Wednesday, January 4, 2023

Natural Gas Prices in Europe Fall to Pre-Invasion Levels - The New York Times

Warm weather, alternatives to Russian gas and a buildup of storage all help. But prices remain high for consumers and industry.

European natural gas prices, which soared last year after Russia’s invasion of Ukraine, have now fallen well below their levels before the start of the war, reflecting the continent’s success rounding up alternatives to Russian gas, widespread conservation efforts and a relatively mild winter.

But the news comes as Europe’s economy is slowing — half the European Union is expected to be in recession this year, the head of the International Monetary Fund, Kristalina Georgieva, said Sunday — and the slumping gas price also signals diminished demand for energy.

On Tuesday, the wholesale price for European natural gas, measured by the benchmark Dutch T.T.F. futures contract for February, was selling for around 76 euros a megawatt-hour. On the eve of Russia’s push into its neighbor last February, the contract sold for about €88.

This is a remarkable turnaround. Just months ago, as Russia curtailed and eventually cut off most exports of the fuel to Europe, there were intense fears that the continent would run out of gas this winter. That pushed prices to an August peak of more than €340 a megawatt-hour, about five times current levels.

Those concerns have largely faded, even though Russia used to provide about 40 percent of Europe’s consumption of gas, which is widely used to heat homes, run businesses and generate electricity.

“We now have a well-supplied E.U. gas market, even without Russian gas,” said Henning Gloystein, the director for energy, climate and resources at Eurasia Group, a political risk firm. “That’s reflected in current prices,” he added.

The shift from worry to something approaching confidence reflects a combination of quick steps by both the European Union and governments in countries like Germany to promote conservation of gas and secure supplies from other sources.

Europe has also had good luck in the form of mostly balmy weather during the winter, when gas consumption soars.

After the invasion, Europe moved quickly to secure shipments of liquefied natural gas from the United States, Qatar and other exporters. Europe also rapidly built terminals to receive liquefied gas, sweeping away many of the usual bureaucratic obstacles and environmental objections.

On Tuesday, one of these facilities, at Wilhelmshaven in northwest Germany, received its first full L.N.G. shipment, a cargo from the United States. The Netherlands has already started a new terminal at Eemshaven, in the northern part of the country. These are part of a wave of investment in new gas-receiving facilities by European governments and companies.

Two large ships pump liquefied natural gas while docked at a port with a smokestack in the background.
Ships at a Dutch port pump liquefied natural gas brought from the Gulf Coast of the United States.Ilvy Njiokiktjien for The New York Times

Along with acquiring new sources of supplies, both European industry and consumers have cut gas consumption by roughly 20 percent, responding to a combination of high prices and government urging.

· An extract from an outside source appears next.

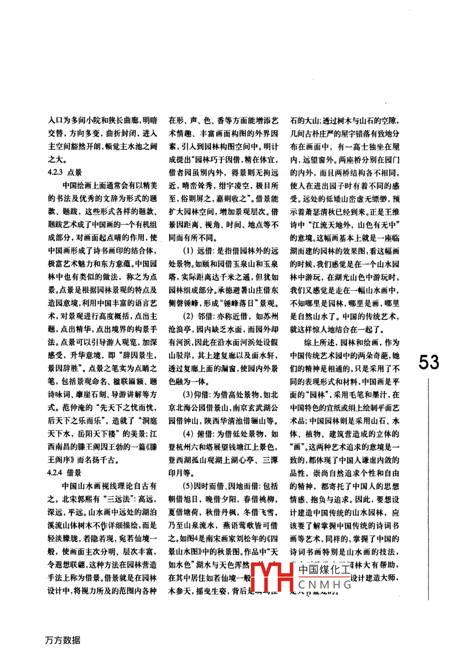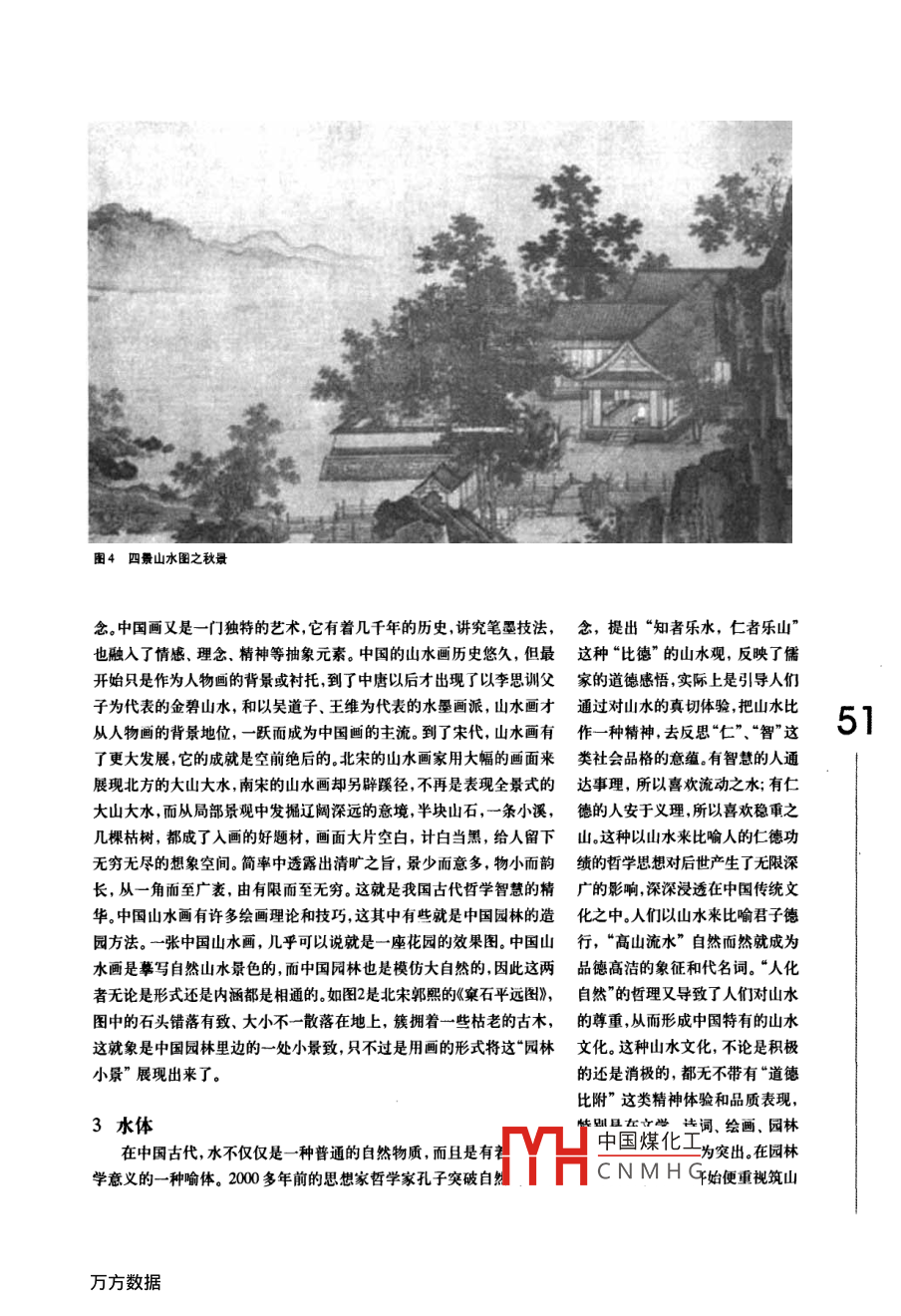 上海秋霞園中國(guó)畫(huà)與中國(guó)園林的關(guān)系張招旺1,李強(qiáng)華2,賴(lài)尚海3(1廣東省深圳市蛇口育才二中,518067;2廣東省深圳市四季青園林花卉有限公司518026;3廣東省深圳市地景園林綠化有限公司,51802949摘要:中國(guó)畫(huà)與中國(guó)園林都是中國(guó)傳統(tǒng)藝術(shù),兩者之間有著緊密的聯(lián)系。中國(guó)畫(huà)是平面的“園林”,采用毛筆和墨汁,在中國(guó)特色的宣紙或絹上繪制平面藝術(shù)品;中國(guó)園林則是釆用山石、水體、植物、建筑營(yíng)造成的立體的“畫(huà)”。這兩種藝術(shù)追求的意境是一致的,都體現(xiàn)了中國(guó)人謙虛內(nèi)斂的品性,崇尚自然追求個(gè)性和自由的精神。關(guān)鍵詞:中國(guó)畫(huà);中國(guó)園林;關(guān)系中華民族是世界上歷史最悠久著千絲萬(wàn)縷的關(guān)系。種寂寞中的自足,一種“凌寒獨(dú)自的民族之一,在悠遠(yuǎn)漫長(zhǎng)的歷史長(zhǎng)開(kāi)”的孤傲。它不屑與凡桃俗李在河中,中國(guó)人奮勇直前生生不息,1花草樹(shù)木春光中爭(zhēng)艷,而是在天寒地凍、萬(wàn)用勤勞的雙手、聰慧的大腦推動(dòng)著國(guó)人歷來(lái)愛(ài)種花,對(duì)花草樹(shù)木不禁寒風(fēng)時(shí),獨(dú)自傲然挺立,在世界文明不斷向前發(fā)展。中國(guó)人創(chuàng)木有著特殊的感情。其中花中四大雪中開(kāi)出繁花滿樹(shù),幽幽冷香,造的藝術(shù)在世界上獨(dú)樹(shù)一幟有著君子更是受到歷朝歷代文人雅士隨風(fēng)襲人。從梅花的這一品性中,獨(dú)特的東方魅力,而中國(guó)畫(huà)和中國(guó)的喜愛(ài)。了白己的哩想人格模式,園林,無(wú)疑又是東方藝術(shù)園中兩朵1.1梅中國(guó)煤化不求識(shí)賞瑰麗的奇葩。中國(guó)畫(huà)與中國(guó)園林有梅花最令人傾倒的氣厲CNMHG用“清逸”來(lái)寫(xiě)梅花的神韻,如宋代“梅妻鶴子”的林和靖那著名東坡說(shuō):“寧可食無(wú)肉,不可居無(wú)竹。無(wú)肉令人瘦,無(wú)的詩(shī)句:“疏彰橫斜水清淺,暗香浮動(dòng)月黃昏”。梅花竹令人俗。人瘦尚可肥,士俗不可醫(yī)?!睒銓?shí)直白的以清癯見(jiàn)長(zhǎng),象征隱逸淡泊,堅(jiān)貞自守。那“高標(biāo)獨(dú)語(yǔ)言,顯示出那悠久的文化精神已深入土人骨髓秀”的氣質(zhì),倜儻超拔的形象蘊(yùn)含著道德精神與人格14菊操守的價(jià)值,因而深為人們所珍視。梅梅的品格與氣歷來(lái)被視為孤標(biāo)亮節(jié)、高雅傲霜的象征,代表著節(jié)成了我們“龍的傳人”的精神寫(xiě)照和人格象征。名士的斯文與友情。菊花因其在深秋不畏秋寒開(kāi)放,1.2深受中國(guó)古代文人的喜歡,多有詩(shī)文加以贊美,如東空谷生幽蘭,蘭最令人傾倒之處是“幽”,因其生晉大詩(shī)人陶淵明著有“采菊東籬下,悠然見(jiàn)南山”的長(zhǎng)在深山野谷,才能洗凈那種綺麗香澤的姿態(tài),以清名句。如果說(shuō),冬梅斗霜冒雪,是一種烈士不屈不撓婉素淡的香氣長(zhǎng)葆本性之美。這種不以無(wú)人而不芳的的人格,春蘭空谷自適,是一種高士遺世獨(dú)立的情懷幽”,不只是屬于林泉隱士的氣質(zhì),更是一種文化通那么,秋菊兼有烈士與高士的兩種品格。性,一種“人不知而不慍”的君子風(fēng)格,一種不求仕對(duì)梅蘭竹菊詩(shī)一般的感受,是以深厚的民族文化途通達(dá)、不沾名釣譽(yù)、只追求胸中志向的坦蕩胸襟,精神為背景的。梅蘭竹菊,占盡春夏秋冬,中國(guó)文人象征著疏遠(yuǎn)污濁政治、保全自己美好人格的品質(zhì)。以其為“四君子”,正表現(xiàn)了文人對(duì)時(shí)間秩序和生命13竹意義的感悟。梅高潔傲岸,蘭幽雅空靈,竹虛心有節(jié),在清風(fēng)中簌簌的聲音,在夜月下疏朗的影子,都菊冷艷清貞。中國(guó)人在一花一草、一石一木中寄托了讓詩(shī)人深深感動(dòng),而竹于風(fēng)霜凌厲中蒼翠儼然的品自己的一片真情,從而使花木草石脫離或拓展了原有50格更讓詩(shī)人引為同道,圖面中國(guó)文的屠室宅中的意,而成為人格燃袍的象征和險(xiǎn)喻大凡生命華為永恒無(wú)限之美。梅蘭竹菊成為中國(guó)人感物喻志的象征、詠物詩(shī)和文人畫(huà)中最常見(jiàn)的題材,正是根源于對(duì)這種審美人格境界的神往除了花中“四君子”,對(duì)于許多優(yōu)美的花草樹(shù)木國(guó)人也十分喜歡,如松樹(shù)、芭蕉、楊柳等。中國(guó)畫(huà)中的這些花草樹(shù)木,無(wú)一不是中國(guó)園林中布景的好素材。在粉墻黛瓦邊種上幾棵秀竹,在皎潔的月光下,白墻上黑色的竹影,仿佛一幅中國(guó)墨竹迎風(fēng)搖曳,瀟灑臨空;在石階邊,假山旁,布上幾叢幽蘭,清香遠(yuǎn)送,高雅秀麗;“雨打芭蕉”是一種美麗的景致,充滿音樂(lè)的節(jié)奏與韻律;回廊、院落、景圖2窠石平遠(yuǎn)圖墻后種些梅花、松樹(shù),總能使整個(gè)園林充滿東方韻味如圖1是建于明代的上海秋霞園,園中竹影婆娑,粉墻黛瓦,是典型的淡雅清幽的東方園林。2山石山石是中國(guó)園林中很重要的造景材料,只有用石頭才能營(yíng)造出山川石徑等大自然的景觀。而在中國(guó)畫(huà)中,以大自然山林景色為題材的山水畫(huà),對(duì)中國(guó)人來(lái)說(shuō)有著中國(guó)煤化工與西方的風(fēng)景畫(huà)之CNMHG則重于自然風(fēng)光圖3四景山水圖之冬景的描繪八心日中卻是家國(guó

These major shifts on both the supply and demand side mean that gas storage facilities, filled to near capacity in the fall, are still quite high; in early January, facilities across the European Union were averaging 84 percent full, compared with 52 percent a year ago. A daily tally of gas reserves showed that on Sunday many countries added more gas to their storage facilities rather than drew down the fuel.

Having sufficient gas in storage to help meet the heavy demands of winter is often key to determining natural gas prices. Analysts also say Europe may wind up the winter with high enough storage levels that the heavy buying of last fall that kept prices exorbitantly high may not be necessary.

“It’s a lot better than many people feared, and it could mean that prices will be lower this year than in 2022,” said Massimo Di Odoardo, the vice president for gas research at Wood Mackenzie, a consulting firm.

There is still reason for concern about energy prices in Europe. While Europe’s gas prices have fallen sharply from their recent peaks, they remain historically high and are still steep enough to make it difficult for industries that consume a lot of energy, like steel and glass, to compete with rivals in other regions or even remain open.

The benchmark price of gas remains nearly five times what it was two years ago, and roughly five times the cost of natural gas in the United States.

The markets for other sources of energy remain uncertain. The European Union last month began an embargo on Russian oil, and in February that ban extends to Russian oil products, a move that is expected to drive up prices of diesel fuel, which is critical in the transportation industry.

And the fall in wholesale gas prices will not bring immediate relief for consumers and businesses facing high energy bills. Because utilities buy their natural gas supplies in advance through hedging programs, it may take months for the lower prices, if they persist, to work their way through to users’ bills.

Energy prices have been a primary reason that inflation across Europe jumped last year, reaching the highest levels in more than 40 years in many countries.